(Records from a dataset)
[Start of section]
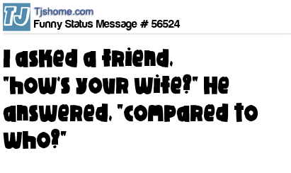 X is I asked a friend, "how's your wife?" He answered, "compared to who?"
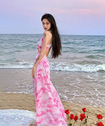 サンドレス 海辺 旅 バックレス ロマンティック風 セクシー XH2-XD136
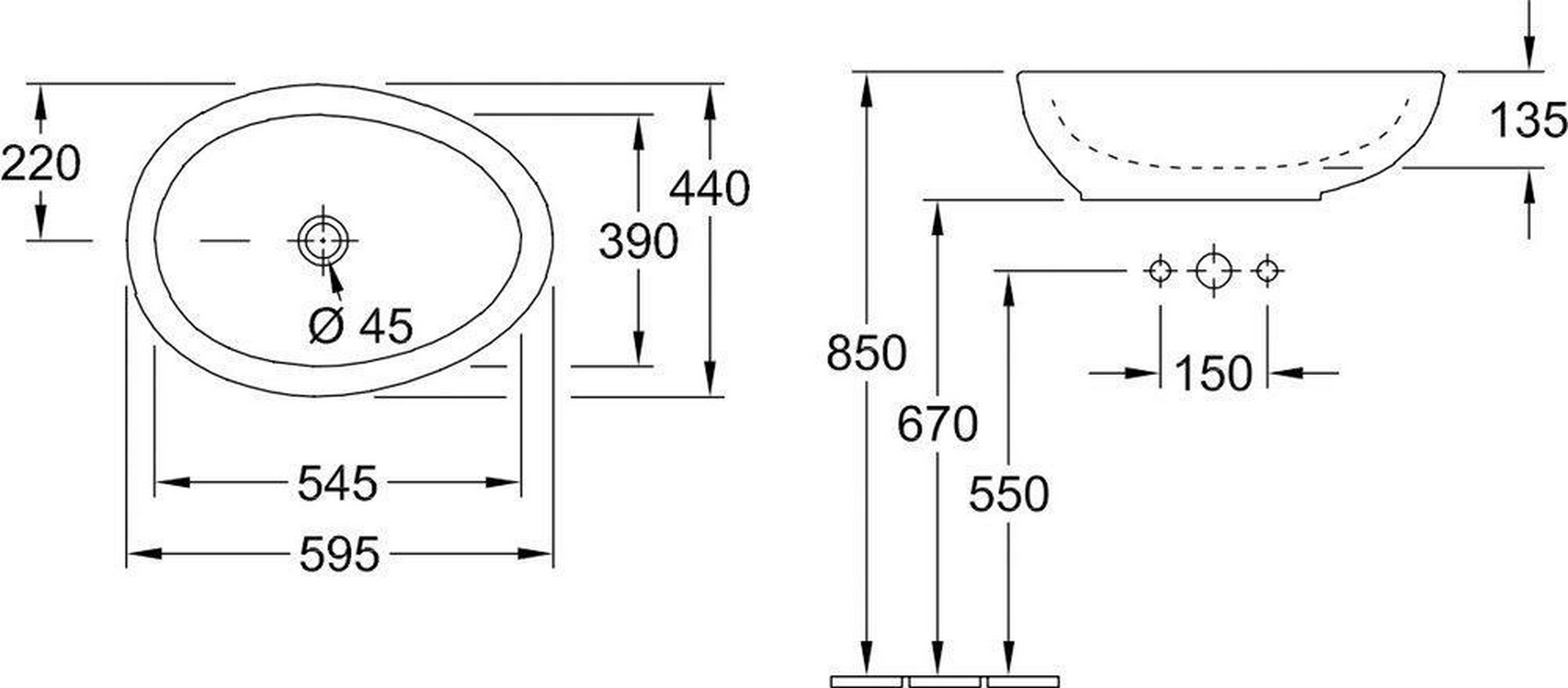 Раковина 595x440хh180мм, д/устан. на столешн., без отв.д/смес., с переливом, крепёж, стержень для д/к в компл, (цв.R1 white cer+), Aveo new gen ZZ Villeroy & Boch Aveo New Generation 413260R1
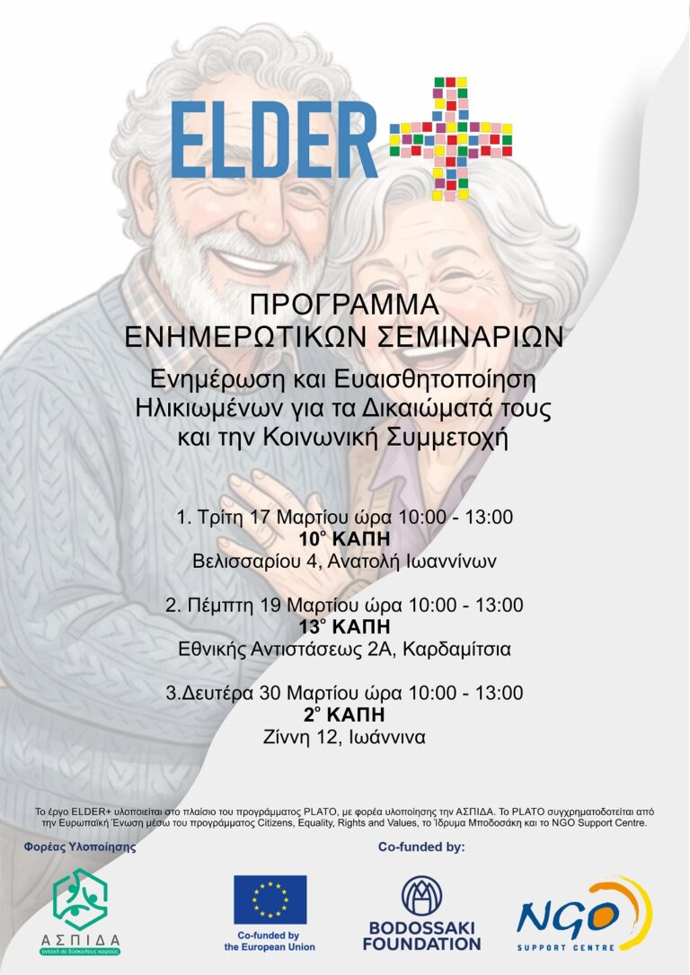 https://www.agon.gr/wp-content/uploads/2026/03/ELDER-poster-212x300.jpg 212w, https://www.agon.gr/wp-content/uploads/2026/03/ELDER-poster-725x1024.jpg 725w, https://www.agon.gr/wp-content/uploads/2026/03/ELDER-poster-768x1085.jpg 768w, https://www.agon.gr/wp-content/uploads/2026/03/ELDER-poster-1087x1536.jpg 1087w, https://www.agon.gr/wp-content/uploads/2026/03/ELDER-poster-960x1356.jpg 960w, https://www.agon.gr/wp-content/uploads/2026/03/ELDER-poster-283x400.jpg 283w, https://www.agon.gr/wp-content/uploads/2026/03/ELDER-poster-585x826.jpg 585w" sizes="auto, (max-width: 764px) 100vw, 764px" title="Σεμινάρια για τα δικαιώματα και την κοινωνική συμμετοχή των ηλικιωμένων 7" />Σειρά ενημερωτικών εκδηλώσεων, που απευθύνονται στους ηλικιωμένους πολίτες των Ιωαννίνων, οργανώνει η ΑΣΠΙΔΑ, Οργάνωση της Κοινωνίας των Πολιτών, στο πλαίσιο του έργου ELDER+.
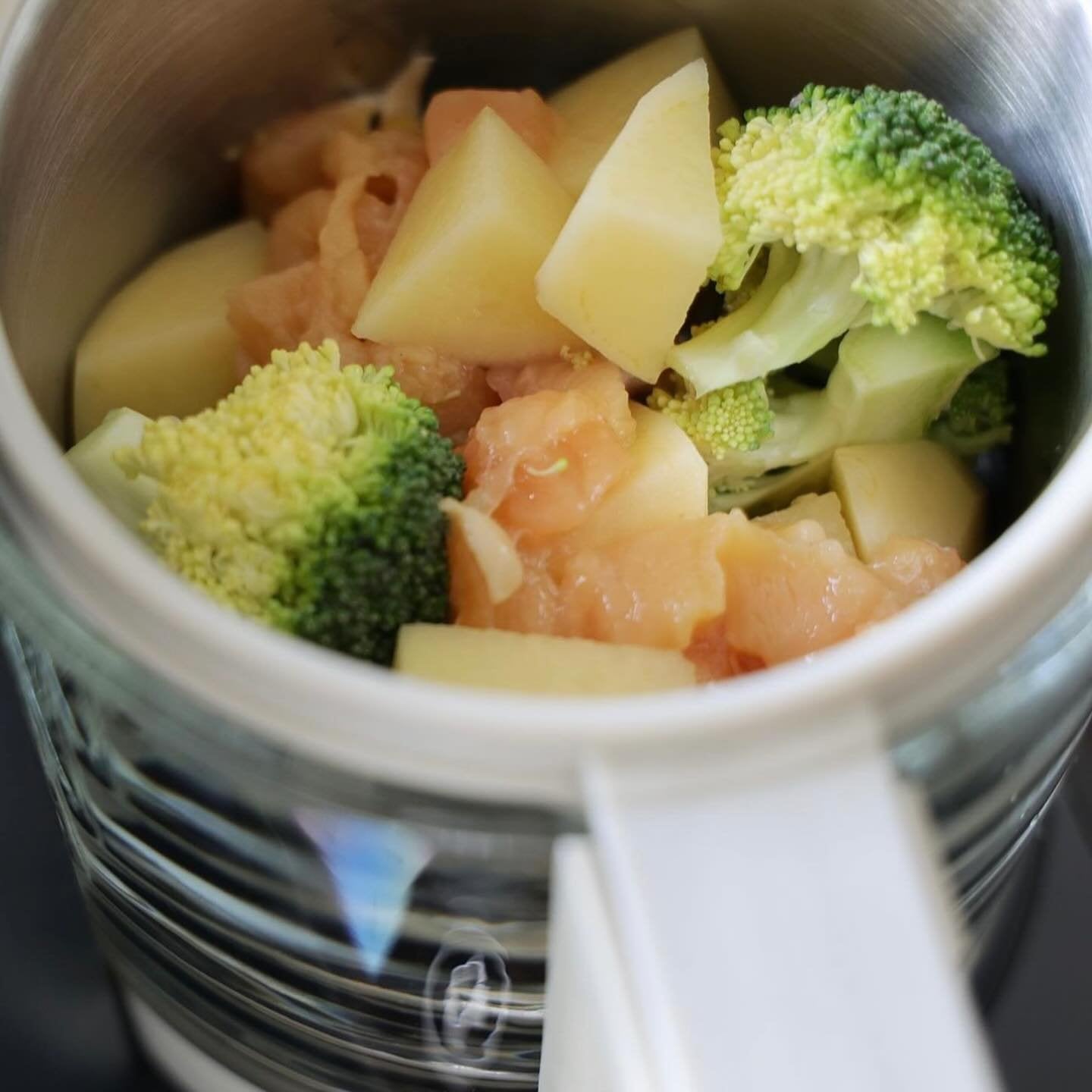 -ตะกร้านึ่ง แยกจากโถปั่น เพื่อแยกสัดส่วนของอาหารและน้ำ มาพร้อมด้ามจับเพื่อความสะดวกในการใช้งาน
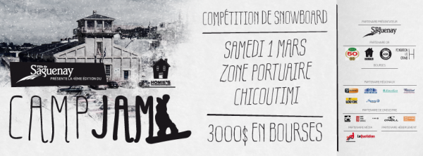 La ville de Saguenay et Homies vous invites au 4e Camp Jam. C’est le 1er mars 2014 à Chicoutimi que vous pourrez tenter votre chance de mettre la main sur les 3 000 $ en jeux.
[End of section]
- _Task item_
Copy nothing but the lines above from the one with "サンドレス 海辺 旅 バックレス ロマンティック風 セクシー XH2-XD136" to the one with "Раковина 595x440хh180мм, д/устан.", inclusive, word for word. Leave every picture out.

- _The completed task_
 サンドレス 海辺 旅 バックレス ロマンティック風 セクシー XH2-XD136
 Раковина 595x440хh180мм, д/устан. на столешн., без отв.д/смес., с переливом, крепёж, стержень для д/к в компл, (цв.R1 white cer+), Aveo new gen ZZ Villeroy & Boch Aveo New Generation 413260R1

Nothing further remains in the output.